Sem graça

17/3/2010
João Luiz M. de Mello

"O voto do i. relator mais parece um daqueles spams que recebemos em nossas caixas de e-mail, com recortes de textos engraçadinhos ou indignados, via de regra apócrifos (embora, no acórdão, não seja esse o caso) tirados da internet (Migalhas 2.346 - 16/3/10 - "Sem graça" - clique aqui). Parece-me que o Relator mediu os outros pelas suas próprias condutas. Se o insigne magistrado não vê restrições em rir de si mesmo, não pode impor tamanha boa vontade a todos os outros - principalmente quando age não em nome próprio, mas como membro do aparato jurisdicional do Estado. Eu até posso achar razoável rir de mim mesmo, mas daí a aceitar que ninguém pode reclamar se sentir ofendido pelo fato de ter sido transformado em motivo de chacota, são outros 500. Não li as razões do apelante, e nem as do apelado. Me espanta apenas que um Magistrado profira uma decisão, no exercício da atividade jurisdicional do Estado, fundamentando a negativa da pretensão do Autor por que ele, o Magistrado, não acha ofensivo rir de suas características físicas.

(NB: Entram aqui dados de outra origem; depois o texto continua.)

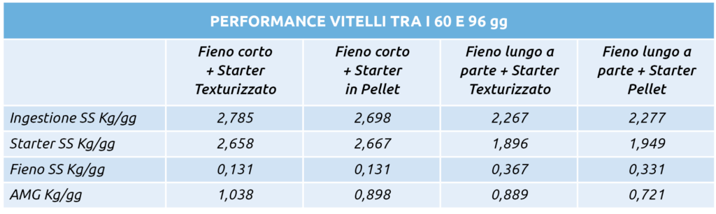 Recenti studi hanno rilevato che l’integrazione del mangime starter con foraggio macinato corto migliora l’ingestione l’accrescimento e la digeribilità della razione. Gli alimenti con fibra strutturata stimolano la produzione di saliva durante la masticazione e la ruminazione che forniscono urea e minerali, come il bicarbonato di sodio, che aiutano a mantenere la normale crescita e lo sviluppo microbico del rumine. I foraggi grossolani sono importanti per favorire la crescita dello strato muscolare del rumine e per mantenere la salute dell’epitelio.

Talvez assim entenda porque a maioria dos casos de obesidade - meu caso - advém da nossa própria conduta, e uma forma de escapar da culpa que sentimos por sermos assim seja justamente 'tirar sarro' de nós mesmos. Certamente, não é o que se passa com aquele que sofre de alguma deficiência física ou mental congênita - este não tem a menor culpa por sua situação, o mesmo ocorrendo com aquele que é envolvido, por exemplo, em um acidente de carro e perde o movimento, por exemplo, das pernas. Meia dúzia de frases de efeito não substituem um bom argumento jurídico. É um novo tipo de decisão: não se citou um único precedente jurisprudencial, nem um mísero doutrinador. Foram citados alguns humoristas (em vez de fulano de tal, em sua obra Curso de ..., lemos um Danillo Gentili, em seu Twitter), um amigo do magistrado, e discutíveis argumentos trazidos de um jornal de qualidade editorial duvidosa. O que mais podemos esperar? Novamente, não questiono o mérito da matéria sobre a qual versou a demanda. Somente os fundamentos que sustentam a tão comemorada decisão."